Author: Isaac J. Minde

Date: 26/04/2016

Introduction:

Injecter des millions de dollars dans un système de recherche ne garantit pas forcément la qualité de la recherche ni l’utilité des résultats. Ce n’est pas non plus un gage de développement. De nombreux aspects doivent être pris en considération et menés de front de manière simultanée, harmonieuse et coordonnée pour atteindre l’objectif de la recherche. Tout d’abord, il faut des chercheurs qualifiés, compétents et motivés, ainsi que des mesures incitatives visant à ce que la priorité soit donnée à la recherche plutôt qu’à autre chose. En Tanzanie, par exemple, les titulaires d’un doctorat étaient moins nombreux en 2011 qu’en 2008. Cette baisse est préoccupante, surtout au vu de l’importance du secteur agricole et de l’utilité de la recherche pour relever les défis actuels et futurs.


 

Financement de la Recherche Agricole pour le Développement (RAD)

Isaac J. Minde1

(1) Directeur adjoint du projet Innovative Agricultural Research Initiative (iAGRI) et professeur de développement international, Département d’agriculture, Économie des ressources et de l’alimentation, Université d’État du Michigan, basé à l’Université d’agriculture Sokoine, BP 3114, Morogoro, Tanzanie. E-mail: minde@iagri.org.

Approche conceptuelle

Injecter des millions de dollars dans un système de recherche ne garantit pas forcément la qualité de la recherche ni l’utilité des résultats. Ce n’est pas non plus un gage de développement. De nombreux aspects doivent être pris en considération et menés de front de manière simultanée, harmonieuse et coordonnée pour atteindre l’objectif de la recherche. Tout d’abord, il faut des chercheurs qualifiés, compétents et motivés, ainsi que des mesures incitatives visant à ce que la priorité soit donnée à la recherche plutôt qu’à autre chose. En Tanzanie, par exemple, les titulaires d’un doctorat étaient moins nombreux en 2011 qu’en 2008 (Figure 1).
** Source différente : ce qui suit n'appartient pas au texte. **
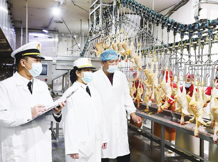 工作人员对汇先丰的冰鲜禽肉开展现场查验 刘鹏 摄
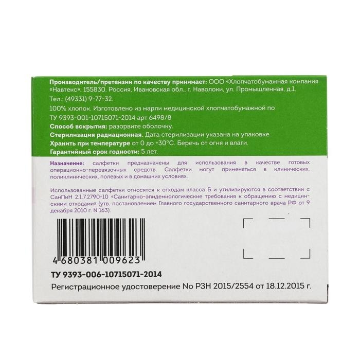 Салфетки марлевые медицинские стерильные предназначены для использования в качестве готовых операционно-перевязочных средств, наложения компрессов, также возможно использование в хозяйственных целях.

Figure 1 : Nombre de titulaires d’une maîtrise et d’un doctorat en 2008 et 2011

Cette baisse est préoccupante, surtout au vu de l’importance du secteur agricole et de l’utilité de la recherche pour relever les défis actuels et futurs. En cas d’augmentation des niveaux de financement, il n’y aurait pas suffisamment de chercheurs pour répondre aux demandes à court terme. Il faut également une infrastructure physique adéquate pour pouvoir mener les activités de recherche agricole prévues. La mise en œuvre du programme de recherche proposé passe aussi par la planification du financement. Une gestion financière efficace des fonds de recherche est importante pour garantir une recherche de bonne qualité en temps opportun, qui réponde aux objectifs fixés (Figure 2).

Figure 2 : Pour le bon fonctionnement du système, il faut également financer ses diverses composantes.

 
Sources de financement de la recherche
Gouvernement : La principale source émane du financement public car la recherche agricole, qui répond à des besoins nationaux, est par définition un bien public. Elle est soumise aux principes de non-exclusion et de non-rivalité (Byerlee et Echeverria, 2002). On ne peut pas exclure les mauvais payeurs de l’utilisation des résultats de la recherche. Les semences obtenues en tant que produit de la recherche sont vendues et utilisées par tous les exploitants agricoles. De nombreux gouvernements d’Afrique n’injectent pas suffisamment d’argent dans la recherche agricole, ne serait-ce que pour respecter les engagements qu’ils ont pris dans le cadre des forums pan-territoriaux et régionaux, tels que ceux organisés par le Nouveau Partenariat pour le développement de l’Afrique (NEPAD). Les pays africains se sont engagés à allouer au moins 1 % du produit intérieur brut agricole à la recherche. Les données de 10 pays sélectionnés dans la base de données des indicateurs relatifs aux sciences et technologies agricoles (ASTI 2014) montrent que ce n’est pas le cas de certains pays (Tableau 1).

Tableau 1 : Pourcentage du PIB agricole alloué à la recherche-développement agricole de 2003 à 2011 (PIB de 2011 en milliards de dollars US)

On constate aussi une forte volatilité d’une année à l’autre, comme dans le cas de Madagascar (Tableau 2). Une telle irrégularité est potentiellement destructrice, car les activités de recherche planifiées risquent de s’arrêter si le financement diminue de façon soudaine et excessive.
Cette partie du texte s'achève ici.